:: EXERCISE INPUTS ::
===============
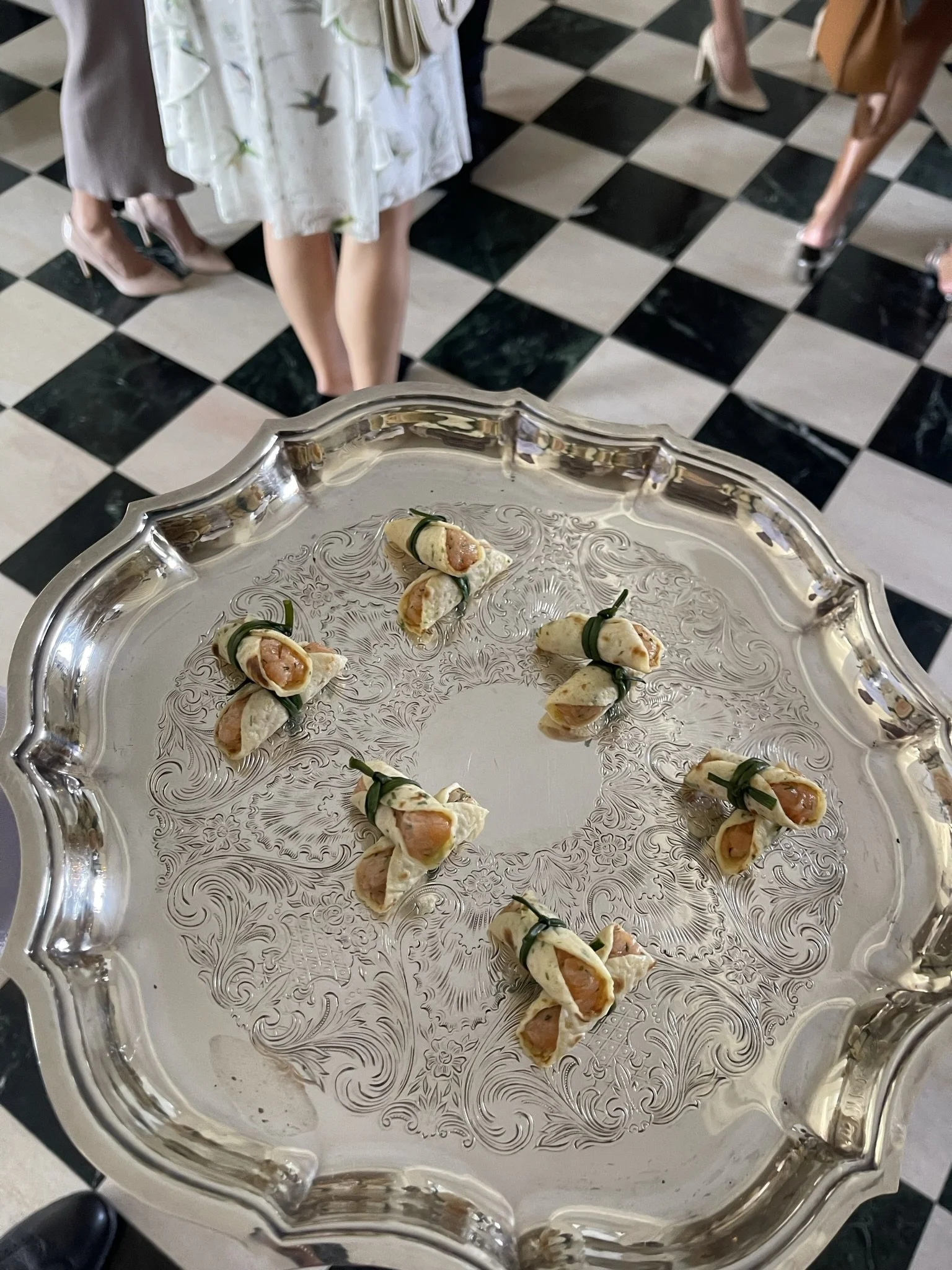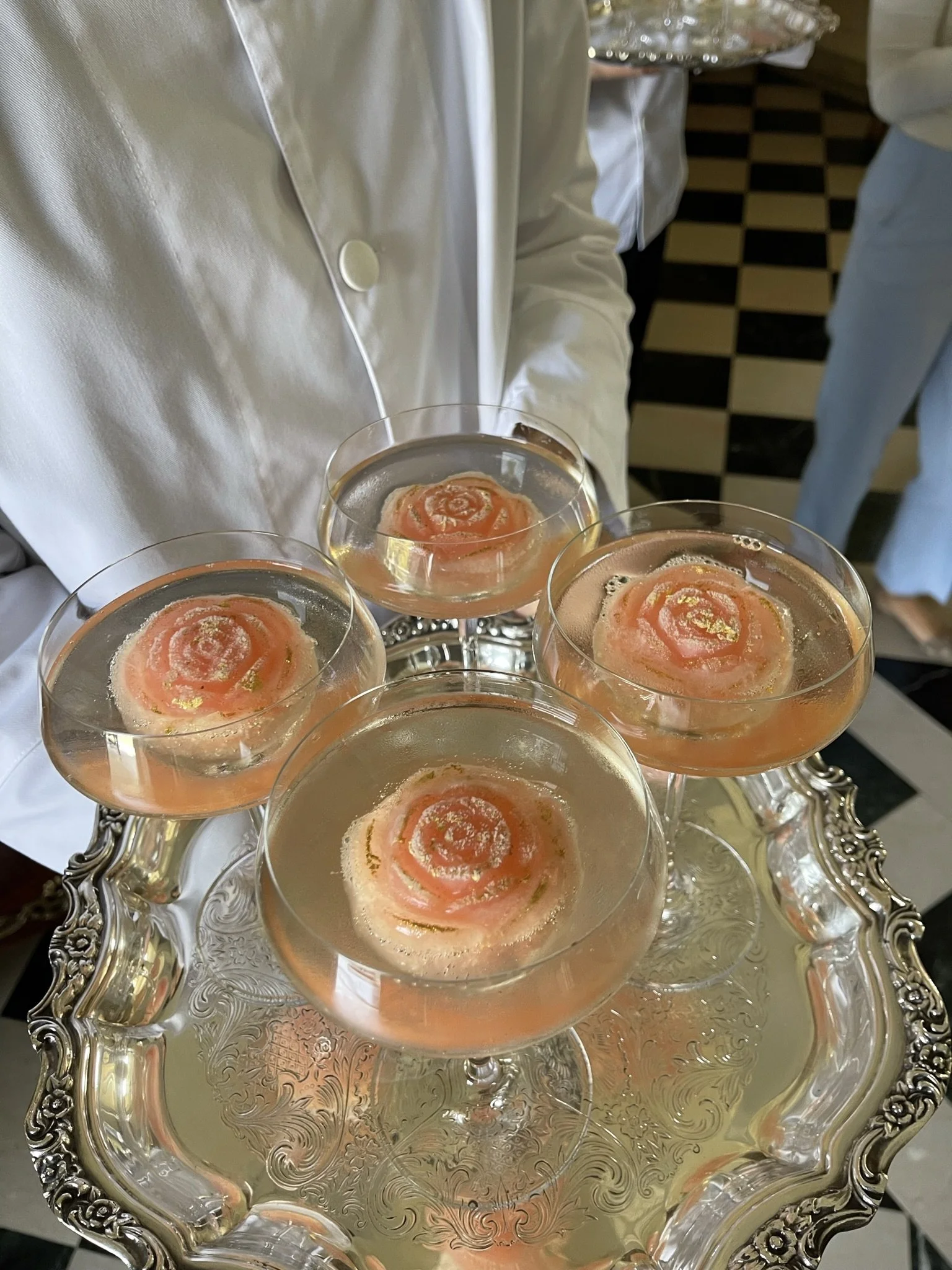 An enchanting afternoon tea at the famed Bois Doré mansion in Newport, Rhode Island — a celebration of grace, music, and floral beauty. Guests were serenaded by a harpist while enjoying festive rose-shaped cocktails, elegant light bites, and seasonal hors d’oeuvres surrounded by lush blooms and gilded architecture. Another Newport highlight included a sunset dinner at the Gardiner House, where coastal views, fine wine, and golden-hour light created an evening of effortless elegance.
===============
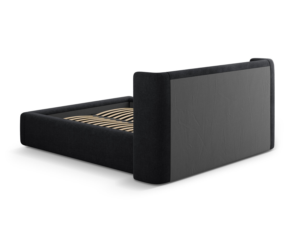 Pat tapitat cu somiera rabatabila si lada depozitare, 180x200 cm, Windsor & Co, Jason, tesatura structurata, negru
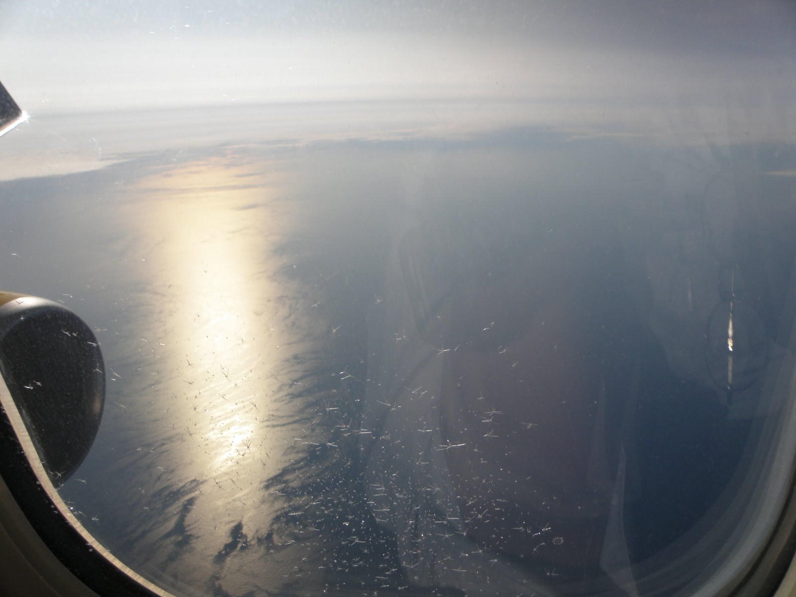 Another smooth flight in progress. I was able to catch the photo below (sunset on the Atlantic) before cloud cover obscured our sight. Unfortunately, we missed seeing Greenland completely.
===============
:: EXERCISE OBJECTIVE ::
Each line above starting at the one holding "Pat tapitat cu" and ending at the one holding "Another smooth flight" should be set down exactly as it stands, both ends included, with no pictures.

:: ANSWER SPACE ::
 Pat tapitat cu somiera rabatabila si lada depozitare, 180x200 cm, Windsor & Co, Jason, tesatura structurata, negru
 Another smooth flight in progress. I was able to catch the photo below (sunset on the Atlantic) before cloud cover obscured our sight. Unfortunately, we missed seeing Greenland completely.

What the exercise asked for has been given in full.